TL;DR
- Scenario: Multi-directory log collection, mark Header by log type, land to HDFS partition by event time
- Conclusion: Taildir Source + custom Interceptor extract JSON timestamp to write Header, HDFS Sink routes and rolls based on Header
- Output: A reusable “log collection→Header marking→partition by day landing→production nohup start” implementation template
Log Data Collection Summary
Summary First, Below is the Main Content
In Apache Flume, Interceptor is a key component of the data flow pipeline, allowing modification or filtering of events before they enter the Flume Channel. Through custom interceptors, you can implement specific business logic such as data filtering, field addition or modification, format conversion, etc. Custom Interceptor refers to user-written Java code to extend Flume’s functionality based on requirements, rather than using default interceptors.

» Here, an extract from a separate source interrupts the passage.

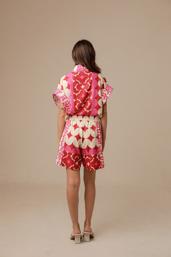 PANTALÓN CORTO FLUIDO DE CINTURA ALTA CON CAMISA DE MANGA CORTA CORTA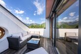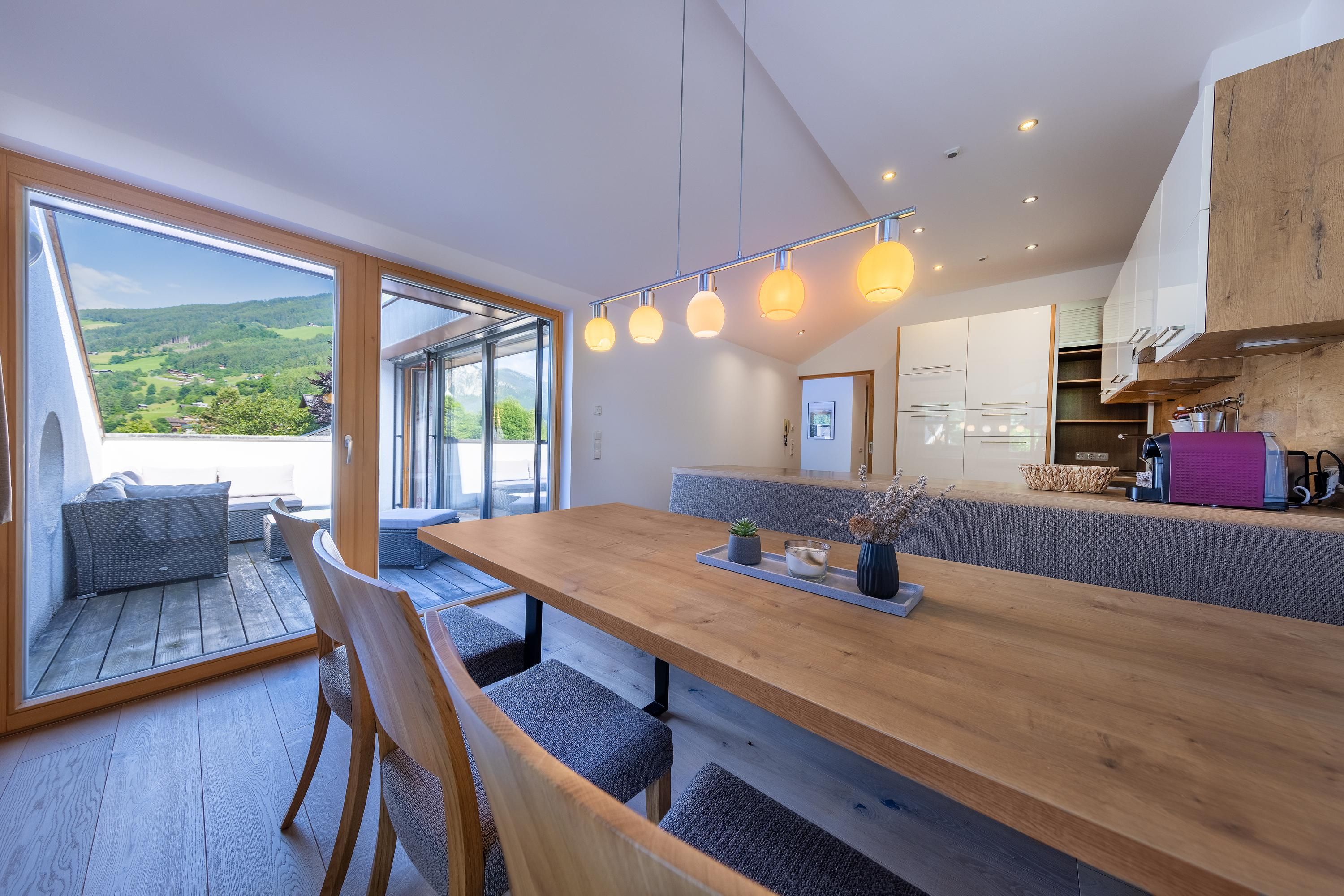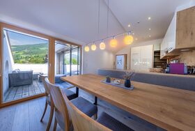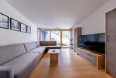 Unsere 115 m² große Ferienwohnung verfügt über eine geräumige Terrasse und einen Balkon mit atemberaubendem Bergblick. Entspanne vor dem Holzofen oder nutze die Doppelschlafcouch und den Fernseher für gemütliche Abende.

- Use taildir source to monitor specified multiple directories, can add different Headers to logs from different directories
- On each directory can use regex to match multiple files
- Use custom interceptor, main function is to get timestamp from JSON string, add to event’s header
- hdfs sink uses information in event header to write data (control file writing location)
- hdfs file rolling methods (based on file size, based on event count, based on time)

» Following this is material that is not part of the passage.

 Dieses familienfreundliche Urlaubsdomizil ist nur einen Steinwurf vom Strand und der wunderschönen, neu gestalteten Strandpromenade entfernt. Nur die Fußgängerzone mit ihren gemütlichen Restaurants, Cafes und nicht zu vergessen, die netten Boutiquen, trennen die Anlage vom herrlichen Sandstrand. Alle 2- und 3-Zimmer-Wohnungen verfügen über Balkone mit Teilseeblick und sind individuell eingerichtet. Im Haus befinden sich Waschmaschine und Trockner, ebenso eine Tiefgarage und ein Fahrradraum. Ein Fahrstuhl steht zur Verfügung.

- Adjust Flume JVM memory allocation
Working Principle
-
Event Generation (Source): Flume collects data from various external systems through Source component. Common Source types include Exec Source, Spooling Directory Source, NetCat Source, Kafka Source. Source encapsulates collected raw data as Flume Event object, containing event header and payload data in byte array form.
-
Interceptor (Interceptor): Before events enter Channel, can do preprocessing through chain interceptors: Timestamp Interceptor, Host Interceptor, Regex Filtering Interceptor, Search-and-Replace Interceptor, Custom Interceptor. Interceptors can be used singly or multiple in series, executed in configuration order.
-
Transmission (Channel): Acts as event buffer to ensure reliable transmission. Main types: Memory Channel, File Channel, JDBC Channel, Kafka Channel. Channel provides transaction support, ensuring reliable event delivery between Source and Sink.
-
Consumption (Sink): Responsible for writing events to target system, common implementations: HDFS Sink, HBase Sink, Kafka Sink, File Roll Sink, Avro Sink. Sink supports batch writing and failure retry mechanism, can configure corresponding parameters based on target system characteristics.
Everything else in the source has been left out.